Haden/Cherry/Blackwell : the meeting of three old friends
JEAN-MARIE JUIF | BESANCON France | 09/23/2001
(5 out of 5 stars)
"On JUly 2,1989,Charlie Haden,Don Cherry and Ed Blackwell met to produce this extraordinary concert.Now,twelve years have passed,and Don and Ed are gone.THis night was a kind of tribute to Ornette Coleman; six of the eight tracks were written by him.But more than this, this is a tribute to all the history of jazz."The sphinx" for example, looks so much like a Charlie Parker tune."Art deco" is a very swinging melody by Don Cherry,some kind of insidious music that infects your mind and you'll always remember."Lonely woman" is a haunting tune by Ornette (not to be confused with Benny Carter's theme),played extraordinarily by this trio; listening to this tune,I still wonder why it has been called "free jazz";in this tune,Don's playing is so close to Miles' sound of the late fifties."the blessing" and "when will the blues leave?" are among Ornette's best known compositions."Law years",another tune by Ornette,is one of my favorites.Do you know the great version Geri Allen recorded for DIW with Haden and Paul Motian ? Ed Blackwell,who was so sick at this time,and who died shortly after, is very impressive all through the record;he's always been one of my favorite drummers,with Jo Jones,Art Blakey,Max Roach,Sam Woodyard,Frank Butler and Kenny Clarke;and a few others,like J.C.Heard,Shelly Manne or Ben Riley,or Billy Higgins.This music is really beautiful, because she's completely timeless,and the relust of so many roots and influences.This is not nostalgia from the Ornette Coleman's quartet of the early sixties,this is a second reading of a marvelous material, played with love."
Loud?
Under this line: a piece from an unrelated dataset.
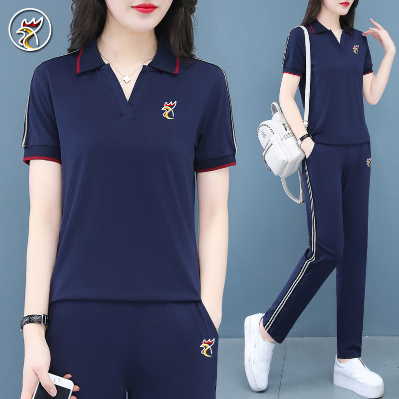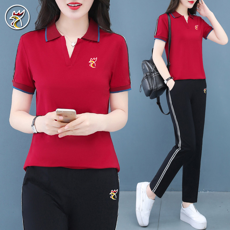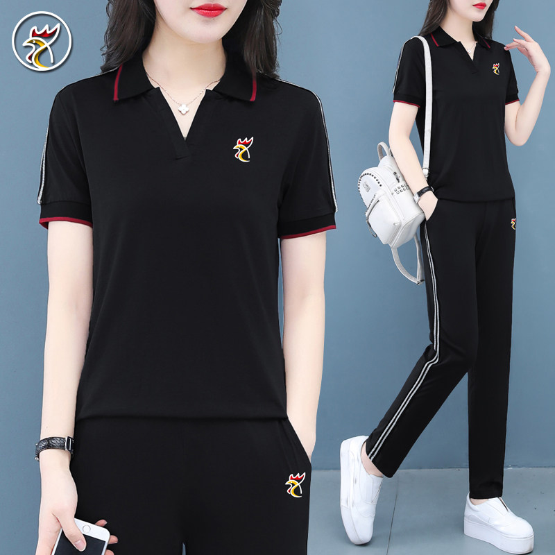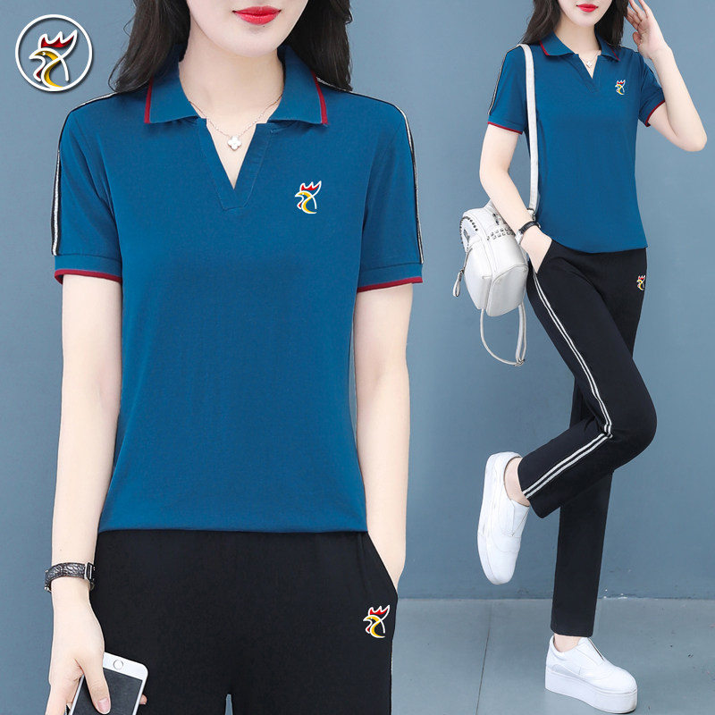 【品牌】纯棉休闲运动套装女夏季翻领polo衫两件套妈妈大码跑步服

Discordant? Hardly!
johnshade | Falls Church, VA United States | 11/03/2003
(5 out of 5 stars)
"Contrary to an earlier review, this CD is neither loud nor discordant. Cherry plays lovely melodic lines, Haden provides the skeleton (and steps out on his own with his usual fluency) and Blackwell is enormously creative. No, of course it's not Bill Evans! But it's just as great in its own way. This is one of Haden's best as far as I'm concerned (whereas I found Nocturne a little somnolent, if beautiful)."